**Goal of the exercise**: Transcribe all records exactly; omit pictures.

Saved entries:
=====

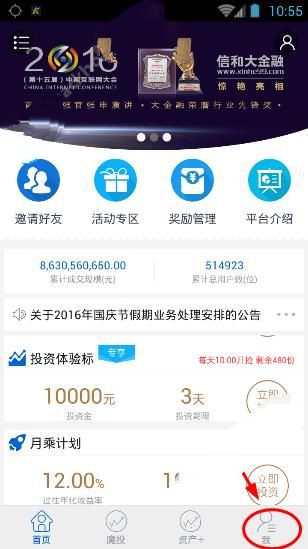 首先打开资产家APP进入首页,点击右下角,如下图。
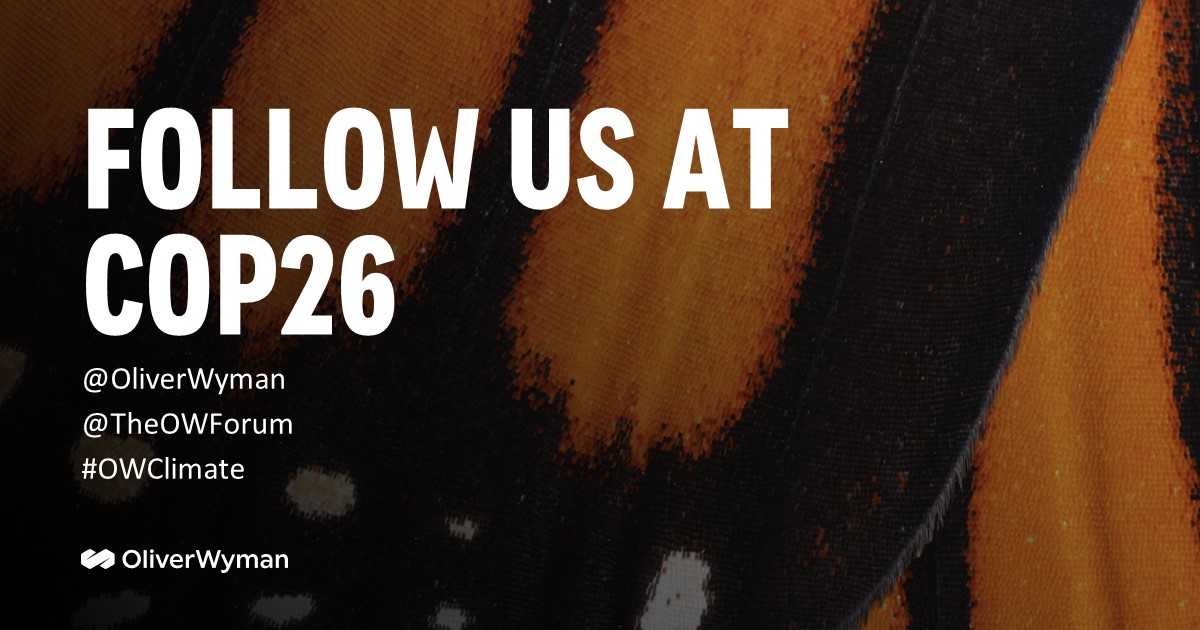 Oliver Wyman is proud to be a research partner at Climate Week NYC 2021. Hosted annually by international non-profit the Climate Group in conjunction with the United Nations, and in partnership with the COP26 and the City of New York, Climate Week NYC is a global opportunity to come together to accelerate climate action and assess progress ahead of COP26. This year's focus is on fulfilling and increasing commitments made by businesses, governments, and organizations.
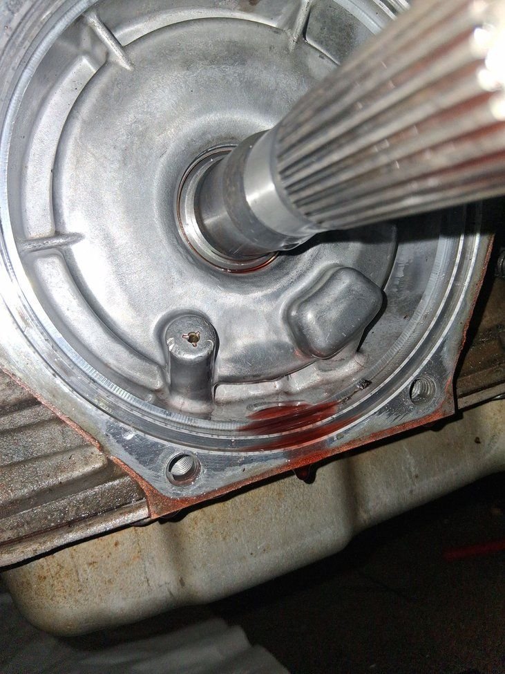 That is the drain back hole for fluid that is in the extension housing. The fluid is coming from the extension housing to case o-ring, extension housing seal or the back of trans or extension housing is cracked.
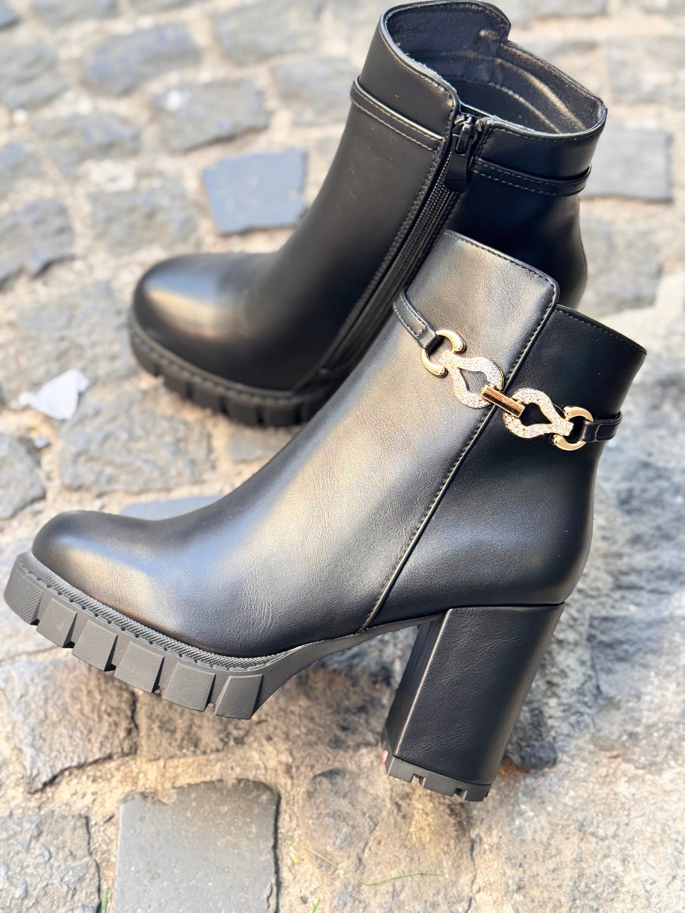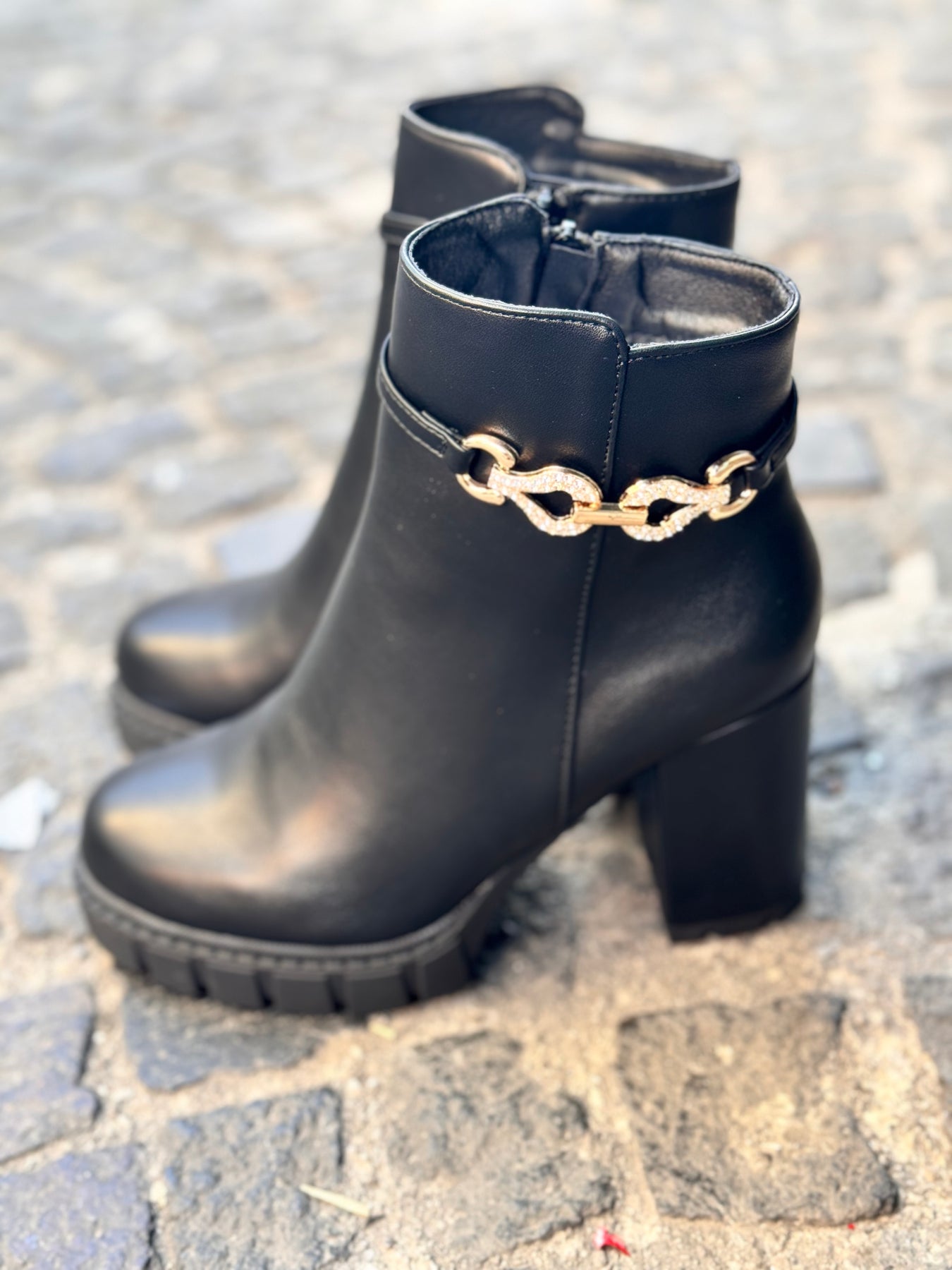Tronchetto in eco pelle con cinturino in metallo oro e brillantini tacco a blocco alto 10 cm con platoux di 2 cm chiusura con lampo laterale
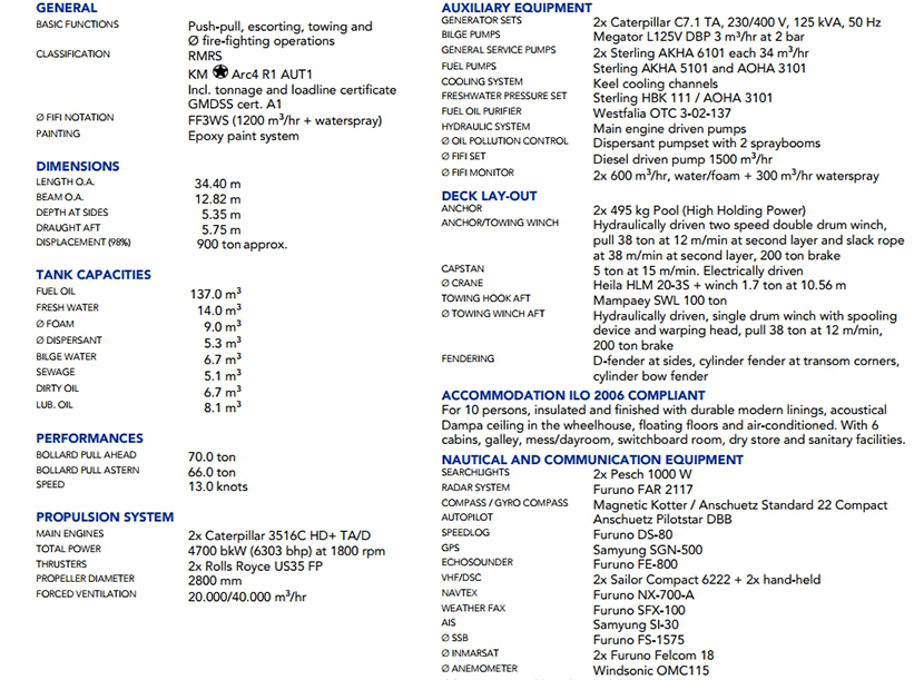 | 發動機品牌: | Caterpilar 3516C HD TA/D | 發動機功率: | 2×2350 kW at 1800rpm |
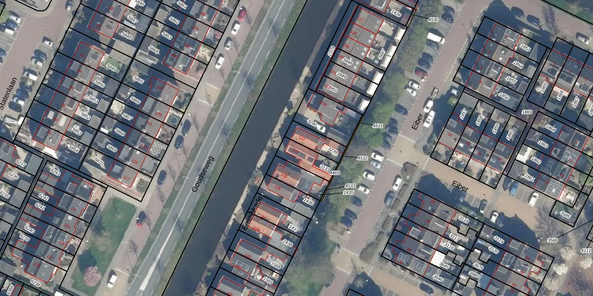 Gebruik de zoekbalk of klik op een perceel voor informatie over de adressen binnen dit perceel.

=====

**Task result**:
 首先打开资产家APP进入首页,点击右下角,如下图。
 Oliver Wyman is proud to be a research partner at Climate Week NYC 2021. Hosted annually by international non-profit the Climate Group in conjunction with the United Nations, and in partnership with the COP26 and the City of New York, Climate Week NYC is a global opportunity to come together to accelerate climate action and assess progress ahead of COP26. This year's focus is on fulfilling and increasing commitments made by businesses, governments, and organizations.
 That is the drain back hole for fluid that is in the extension housing. The fluid is coming from the extension housing to case o-ring, extension housing seal or the back of trans or extension housing is cracked.
Tronchetto in eco pelle con cinturino in metallo oro e brillantini tacco a blocco alto 10 cm con platoux di 2 cm chiusura con lampo laterale
 | 發動機品牌: | Caterpilar 3516C HD TA/D | 發動機功率: | 2×2350 kW at 1800rpm |
 Gebruik de zoekbalk of klik op een perceel voor informatie over de adressen binnen dit perceel.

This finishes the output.